3. **`info()`**: Provides a summary of the DataFrame, including data types and non-null counts.
```python
print(df.info())
```

4. **`describe()`**: Generates descriptive statistics for numeric columns (e.g., count, mean, standard deviation).
```python
print(df.describe())
```

5. **`shape`**: Returns the shape (number of rows, number of columns).
```python
print(df.shape)
```

---

### **1.4 Indexing and Selecting Data**

#### **1.4.1 Using `[]` Operator:**
The `[]` operator can be used to select a single column or a subset of columns from a DataFrame.

- Select a single column:
```python
age_column = df['Age']
print(age_column)
```

- Select multiple columns:
```python
subset = df[['Name', 'Salary']]
print(subset)
```

#### **1.4.2 Using `.loc[]` and `.iloc[]`:**
1. **`.loc[]`**: Used for label-based indexing. You can select rows and columns by their labels (row/column names).
```python
# Select rows by labels
row = df.loc[0]

# Select rows and columns by labels
subset = df.loc[0:2, ['Name', 'Salary']]
print(subset)
```

2. **`.iloc[]`**: Used for integer-based indexing. You can select rows and columns by their integer positions (similar to NumPy).
```python
# Select rows by index position
row = df.iloc[0]

# Select rows and columns by index position
subset = df.iloc[0:2, [0, 2]]
print(subset)
```

#### **1.4.3 Slicing Data:**
- You can slice rows based on their position:
```python
# Select rows from index 0 to 3
subset = df[0:3]
print(subset)
```

- Slicing is also possible with `.loc[]` and `.iloc[]`:
```python
# Select rows by labels from 'Name' and 'Age' columns
subset = df.loc[0:2, 'Name':'Age']
print(subset)
```

---

### **1.5 Hands-on Lab**

1. **Load a dataset into Pandas and inspect it:**
   - Load a CSV file using `pd.read_csv()`.
   - Inspect the first few rows using `head()`.
   - Check for missing values using `info()`.
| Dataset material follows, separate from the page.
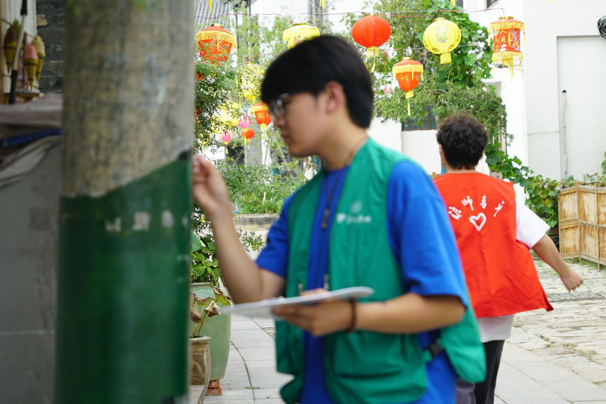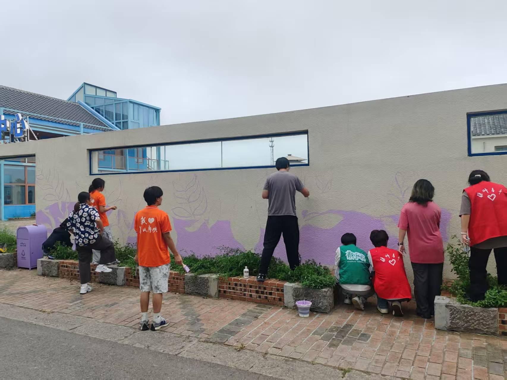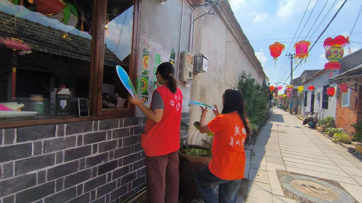 为让墙绘作品精准贴合蒋坝特色,师生团队在实践启动前便精心筹备。他们深入蒋坝的街巷、田间与湖边开展实地调研,走访当地居民,聆听承载古镇记忆的历史故事与民俗传说;细致观察洪泽湖周边的自然景致,将“渔家生活场景”“四季湖景”等充满地域风情的元素纳入创作素材库。调研后,团队围绕“如何用艺术展现蒋坝风貌、为国庆献礼”展开热烈构思,学生结合课堂所学的构图、色彩理论提出青春创意,老师逐一审阅并指导优化,最终确定40余幅墙绘的题材方向,为现场创作奠定坚实基础。

2. **Create a DataFrame manually:**
   - Create a DataFrame from a dictionary.
   - Print the DataFrame and its `shape`.

3. **Indexing and Slicing Practice:**
   - Select a single column from the DataFrame.
   - Use `.loc[]` to select rows by label and columns by name.
   - Use `.iloc[]` to select rows and columns by position.
   
---

### **Conclusion:**
In this module, you learned the core concepts of Pandas, including how to work with **Series** and **DataFrames**, perform basic operations like loading data from files, and inspect your datasets. You also practiced indexing and selecting data using different methods. This knowledge is fundamental for working with larger, more complex datasets in later modules.